Your instructions ▸
Write the records below out in full, character for character, with no pictures.

Saved entries:
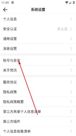 3、进入系统设置页面后,找到并点击账号与安全选项。
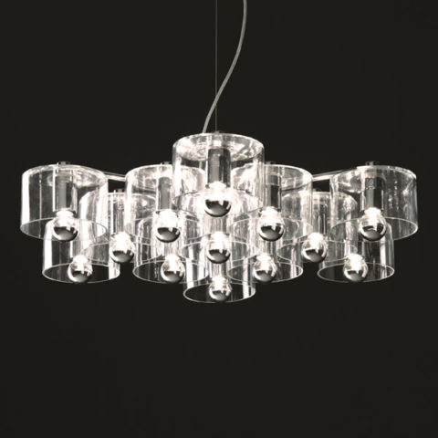 Instead, in the suspension version of the lamp, Fiore twirls free, with a combination of either 13 or 7 luminaires – according to the variation chosen.
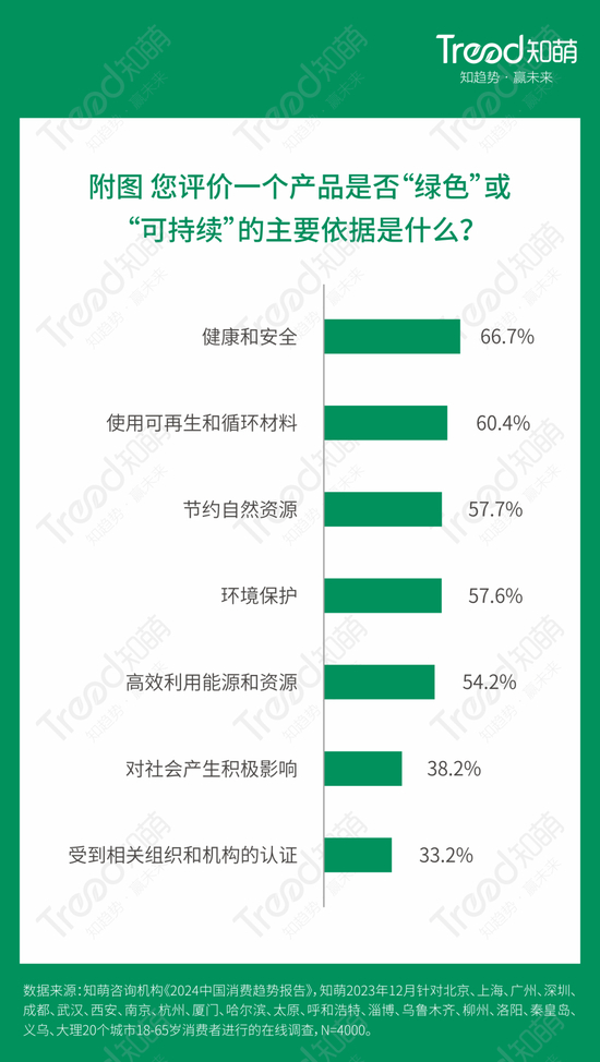 消费者也越来越关注绿色低碳和可持续的产品及品牌,调查显示,大部分消费者会因为产品是绿色或可持续的产品,而更倾向于购买该品牌的其他产品。消费者判断一个产品是否“绿色”和“可持续”的依据有健康和安全、是否使用可再生和循环材料、是否节约自然资源、环境保护和是否高效利用能源资源等。
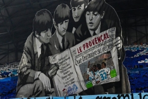 迎战利物浦,马赛主场球迷展示出披头士主题巨幅TIFO
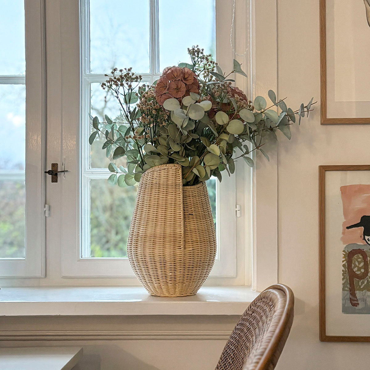 Aura is a beautiful asymmetrical basket, well-suited for dried or artificial flowers. The basket is handwoven from natural rattan, so small variations in colour and shape may occur.
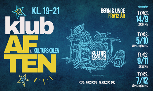 Kulturskolens klubaftener er lige så stille kommet i gang, sidste klubaften i år er torsdag den 7. december i Ringkøbing. Vi håber at kunne fortsætte i det nye år.
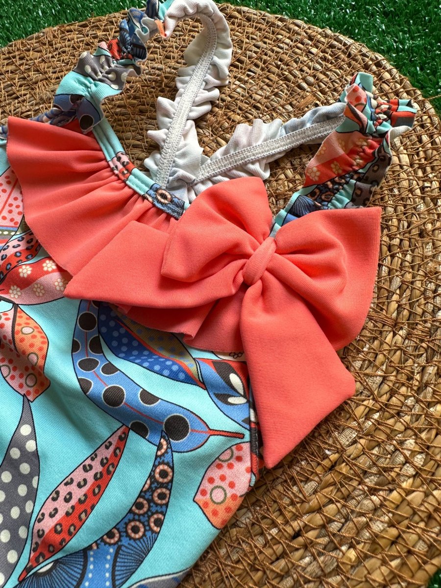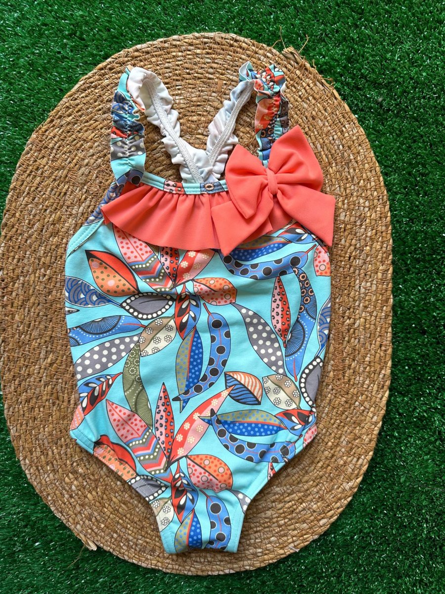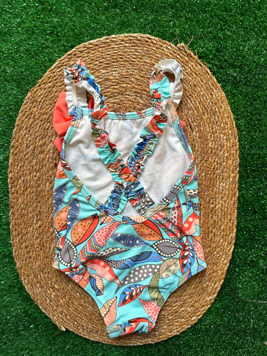 Costume intero Sardon con foglie colorate con balza a fiocco corallo

Final answer ▸
 3、进入系统设置页面后,找到并点击账号与安全选项。
 Instead, in the suspension version of the lamp, Fiore twirls free, with a combination of either 13 or 7 luminaires – according to the variation chosen.
 消费者也越来越关注绿色低碳和可持续的产品及品牌,调查显示,大部分消费者会因为产品是绿色或可持续的产品,而更倾向于购买该品牌的其他产品。消费者判断一个产品是否“绿色”和“可持续”的依据有健康和安全、是否使用可再生和循环材料、是否节约自然资源、环境保护和是否高效利用能源资源等。
 迎战利物浦,马赛主场球迷展示出披头士主题巨幅TIFO
 Aura is a beautiful asymmetrical basket, well-suited for dried or artificial flowers. The basket is handwoven from natural rattan, so small variations in colour and shape may occur.
 Kulturskolens klubaftener er lige så stille kommet i gang, sidste klubaften i år er torsdag den 7. december i Ringkøbing. Vi håber at kunne fortsætte i det nye år.
 Costume intero Sardon con foglie colorate con balza a fiocco corallo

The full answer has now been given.